→ **EXERCISE**:
Both the line with "云巖區:1.中華北路與延安中" and the line with "③新玉ねぎが柔らかくなったら、味噌大さじ3を入れる" in the records below must appear in the output, along with every line between them, exactly and with nothing added.

→ **MATERIAL PROVIDED**:
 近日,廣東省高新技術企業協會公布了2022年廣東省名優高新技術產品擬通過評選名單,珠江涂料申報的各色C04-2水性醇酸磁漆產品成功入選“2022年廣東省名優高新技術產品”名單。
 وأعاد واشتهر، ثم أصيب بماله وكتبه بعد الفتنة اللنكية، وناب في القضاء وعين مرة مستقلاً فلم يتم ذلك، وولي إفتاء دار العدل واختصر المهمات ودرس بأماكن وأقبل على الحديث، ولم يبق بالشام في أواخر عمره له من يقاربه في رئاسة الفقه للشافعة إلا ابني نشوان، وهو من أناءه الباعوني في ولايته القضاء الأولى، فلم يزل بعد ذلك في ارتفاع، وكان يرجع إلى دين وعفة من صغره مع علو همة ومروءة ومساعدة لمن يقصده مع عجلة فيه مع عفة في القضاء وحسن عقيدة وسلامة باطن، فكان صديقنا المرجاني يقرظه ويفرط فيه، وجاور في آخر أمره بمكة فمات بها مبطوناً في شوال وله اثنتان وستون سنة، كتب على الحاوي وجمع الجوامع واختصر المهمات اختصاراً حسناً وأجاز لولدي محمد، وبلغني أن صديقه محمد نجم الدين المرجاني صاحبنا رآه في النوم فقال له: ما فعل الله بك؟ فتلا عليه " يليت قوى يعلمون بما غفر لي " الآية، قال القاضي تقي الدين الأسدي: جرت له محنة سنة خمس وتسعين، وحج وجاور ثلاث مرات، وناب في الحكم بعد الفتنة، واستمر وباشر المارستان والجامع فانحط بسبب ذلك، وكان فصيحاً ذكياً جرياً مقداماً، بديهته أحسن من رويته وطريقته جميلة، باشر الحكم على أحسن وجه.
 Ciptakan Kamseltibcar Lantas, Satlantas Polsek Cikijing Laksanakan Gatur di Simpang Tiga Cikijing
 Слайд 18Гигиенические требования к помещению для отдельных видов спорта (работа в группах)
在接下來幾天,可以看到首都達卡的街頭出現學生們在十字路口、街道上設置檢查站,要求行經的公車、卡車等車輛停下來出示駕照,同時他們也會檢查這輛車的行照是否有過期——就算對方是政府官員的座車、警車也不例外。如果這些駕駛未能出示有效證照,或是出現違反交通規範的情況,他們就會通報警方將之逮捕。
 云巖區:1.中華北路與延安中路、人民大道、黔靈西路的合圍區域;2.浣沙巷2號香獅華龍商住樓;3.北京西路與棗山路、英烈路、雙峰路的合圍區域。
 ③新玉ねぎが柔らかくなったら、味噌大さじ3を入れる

---

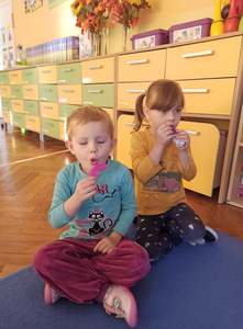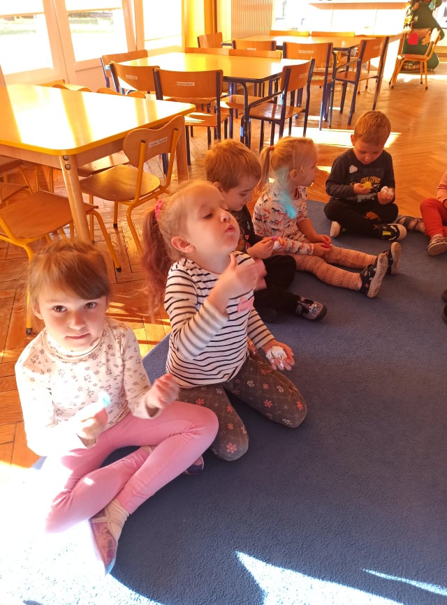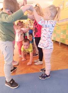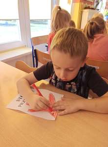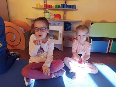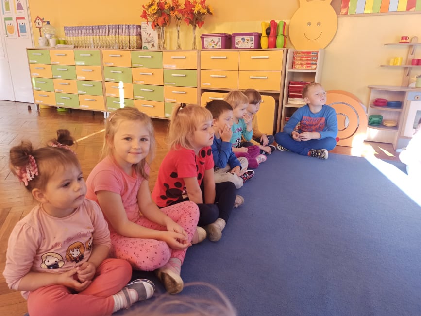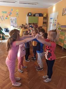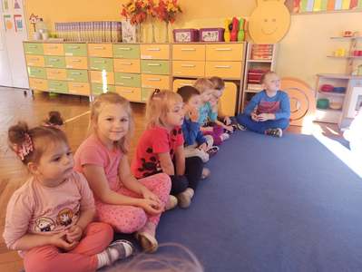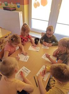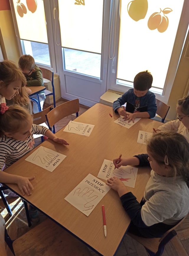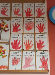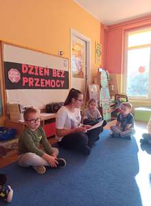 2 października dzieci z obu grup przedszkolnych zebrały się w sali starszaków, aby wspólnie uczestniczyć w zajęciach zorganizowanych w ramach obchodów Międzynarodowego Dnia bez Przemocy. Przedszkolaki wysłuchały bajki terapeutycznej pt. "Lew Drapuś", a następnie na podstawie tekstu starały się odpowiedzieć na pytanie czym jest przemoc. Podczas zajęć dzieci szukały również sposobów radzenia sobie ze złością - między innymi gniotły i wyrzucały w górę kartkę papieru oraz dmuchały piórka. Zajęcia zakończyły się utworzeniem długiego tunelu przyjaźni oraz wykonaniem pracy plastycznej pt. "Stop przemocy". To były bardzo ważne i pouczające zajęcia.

--

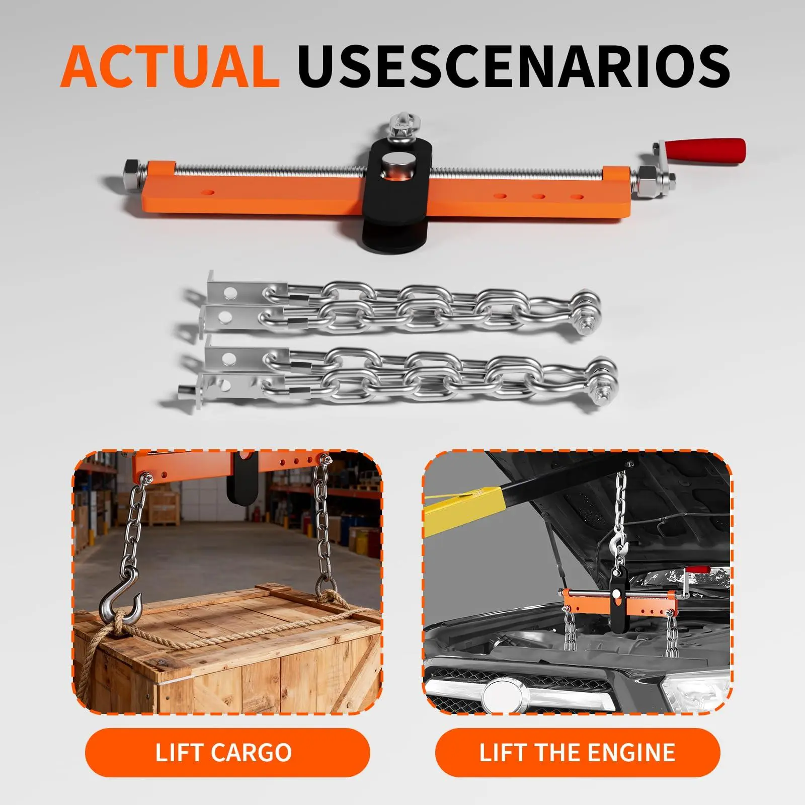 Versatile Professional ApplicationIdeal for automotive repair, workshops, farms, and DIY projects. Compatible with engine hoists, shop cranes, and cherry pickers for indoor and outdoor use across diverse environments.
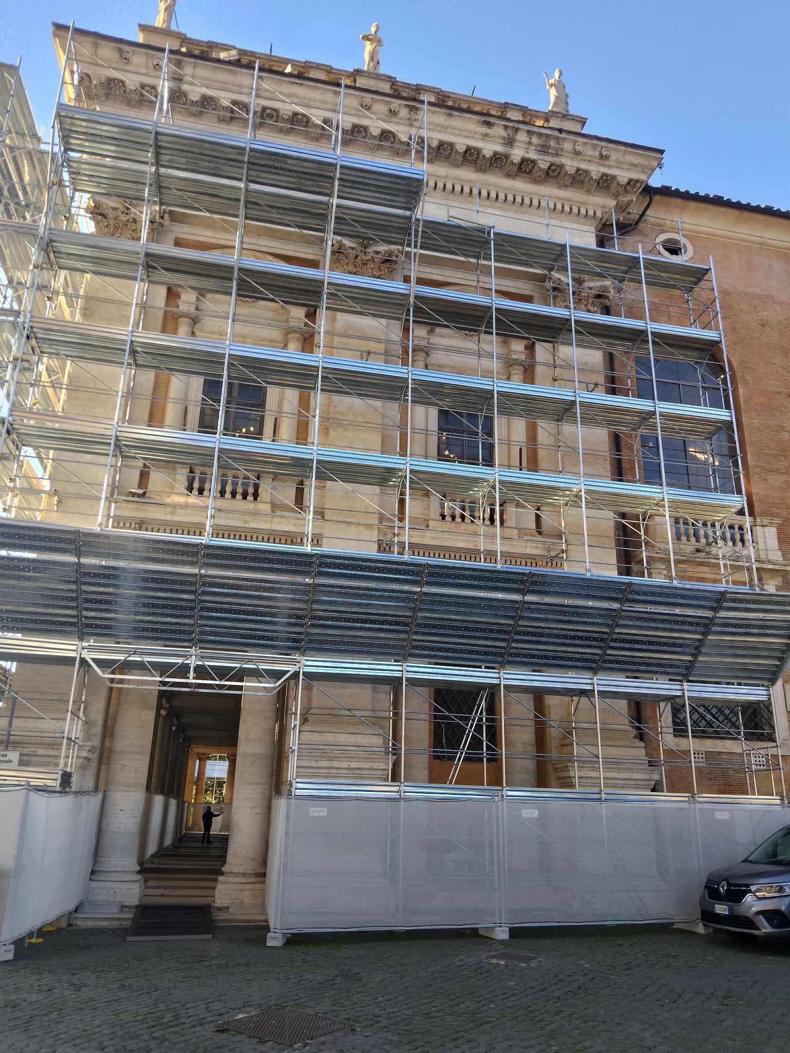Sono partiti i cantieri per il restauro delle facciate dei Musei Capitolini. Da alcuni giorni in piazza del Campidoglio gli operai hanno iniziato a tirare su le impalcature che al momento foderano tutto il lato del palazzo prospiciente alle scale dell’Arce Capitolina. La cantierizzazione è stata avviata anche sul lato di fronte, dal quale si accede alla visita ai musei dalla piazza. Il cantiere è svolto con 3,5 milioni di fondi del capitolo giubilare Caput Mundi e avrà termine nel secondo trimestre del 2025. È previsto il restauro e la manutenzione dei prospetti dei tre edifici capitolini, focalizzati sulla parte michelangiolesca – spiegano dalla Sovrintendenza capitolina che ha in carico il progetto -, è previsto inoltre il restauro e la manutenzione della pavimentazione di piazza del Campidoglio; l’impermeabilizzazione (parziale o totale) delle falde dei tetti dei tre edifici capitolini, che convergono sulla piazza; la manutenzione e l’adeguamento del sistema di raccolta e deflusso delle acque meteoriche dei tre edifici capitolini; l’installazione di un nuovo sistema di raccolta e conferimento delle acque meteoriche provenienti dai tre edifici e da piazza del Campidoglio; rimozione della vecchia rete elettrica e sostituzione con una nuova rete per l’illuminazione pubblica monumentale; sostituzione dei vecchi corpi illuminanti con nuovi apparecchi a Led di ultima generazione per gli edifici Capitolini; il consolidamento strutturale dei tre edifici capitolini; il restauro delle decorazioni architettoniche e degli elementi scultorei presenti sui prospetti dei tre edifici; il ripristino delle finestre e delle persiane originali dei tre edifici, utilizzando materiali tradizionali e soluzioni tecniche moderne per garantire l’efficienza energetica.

→ **RESPONSE TO THE TASK**:
 云巖區:1.中華北路與延安中路、人民大道、黔靈西路的合圍區域;2.浣沙巷2號香獅華龍商住樓;3.北京西路與棗山路、英烈路、雙峰路的合圍區域。
 ③新玉ねぎが柔らかくなったら、味噌大さじ3を入れる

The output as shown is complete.